What you will do: Write the records out again exactly, leaving no images in.

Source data
◆ ◆ ◆ ◆

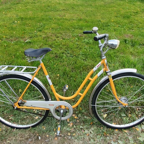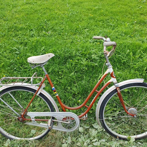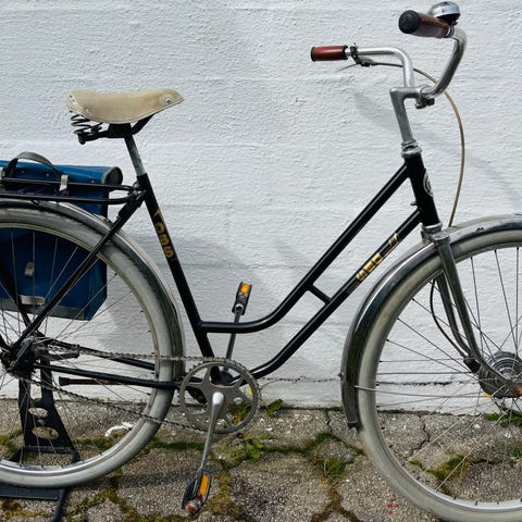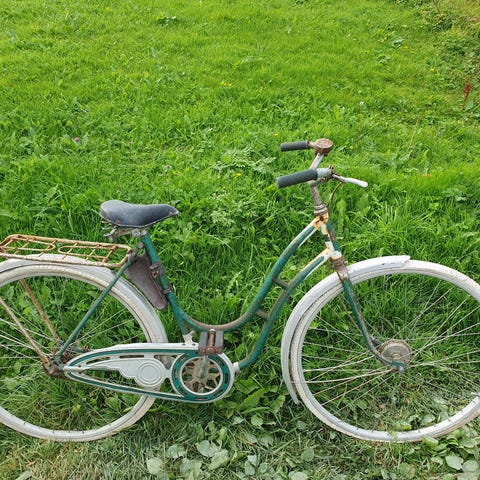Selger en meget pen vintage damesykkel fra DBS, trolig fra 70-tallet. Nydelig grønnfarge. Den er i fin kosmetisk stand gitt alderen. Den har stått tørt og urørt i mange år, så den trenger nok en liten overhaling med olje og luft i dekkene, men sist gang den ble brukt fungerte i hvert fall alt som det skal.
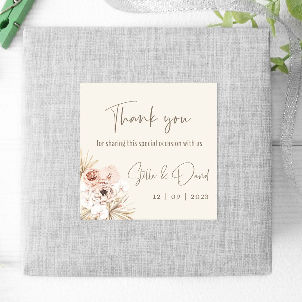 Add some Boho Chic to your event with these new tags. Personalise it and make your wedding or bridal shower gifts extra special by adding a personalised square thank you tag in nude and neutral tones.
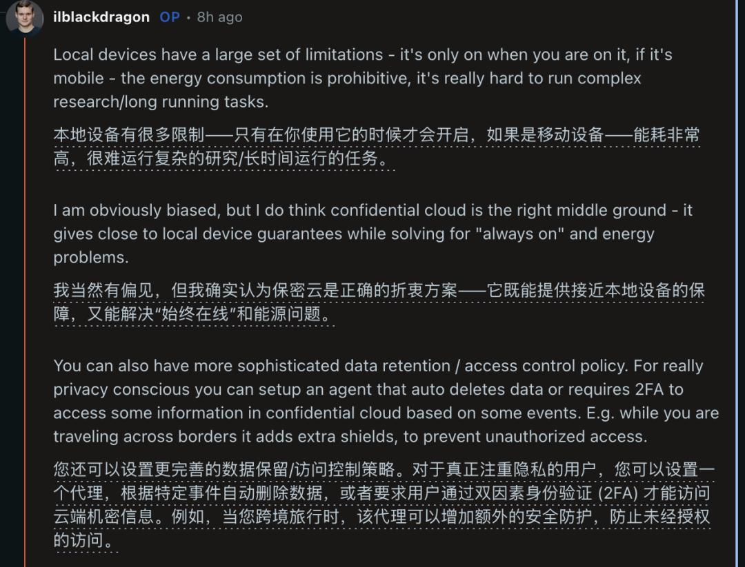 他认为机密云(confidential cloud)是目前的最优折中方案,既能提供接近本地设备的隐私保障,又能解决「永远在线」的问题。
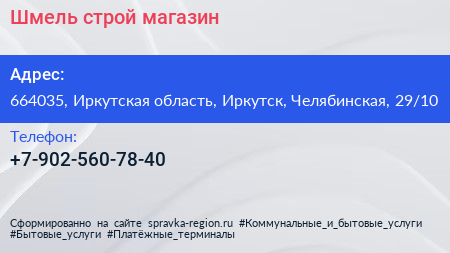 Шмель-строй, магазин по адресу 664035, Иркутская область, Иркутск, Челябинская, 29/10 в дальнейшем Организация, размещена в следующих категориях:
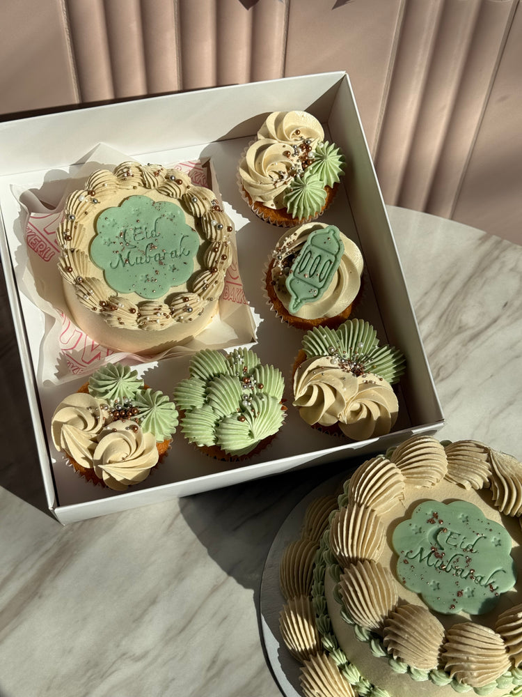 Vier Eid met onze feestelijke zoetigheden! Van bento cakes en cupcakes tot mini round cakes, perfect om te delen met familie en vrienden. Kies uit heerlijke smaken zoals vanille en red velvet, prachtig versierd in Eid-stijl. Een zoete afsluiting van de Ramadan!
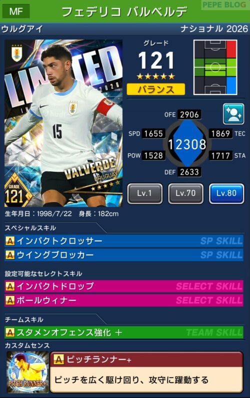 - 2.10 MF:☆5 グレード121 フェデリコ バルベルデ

◆ ◆ ◆ ◆

Solution to this task:
Selger en meget pen vintage damesykkel fra DBS, trolig fra 70-tallet. Nydelig grønnfarge. Den er i fin kosmetisk stand gitt alderen. Den har stått tørt og urørt i mange år, så den trenger nok en liten overhaling med olje og luft i dekkene, men sist gang den ble brukt fungerte i hvert fall alt som det skal.
 Add some Boho Chic to your event with these new tags. Personalise it and make your wedding or bridal shower gifts extra special by adding a personalised square thank you tag in nude and neutral tones.
 他认为机密云(confidential cloud)是目前的最优折中方案,既能提供接近本地设备的隐私保障,又能解决「永远在线」的问题。
 Шмель-строй, магазин по адресу 664035, Иркутская область, Иркутск, Челябинская, 29/10 в дальнейшем Организация, размещена в следующих категориях:
 Vier Eid met onze feestelijke zoetigheden! Van bento cakes en cupcakes tot mini round cakes, perfect om te delen met familie en vrienden. Kies uit heerlijke smaken zoals vanille en red velvet, prachtig versierd in Eid-stijl. Een zoete afsluiting van de Ramadan!
 - 2.10 MF:☆5 グレード121 フェデリコ バルベルデ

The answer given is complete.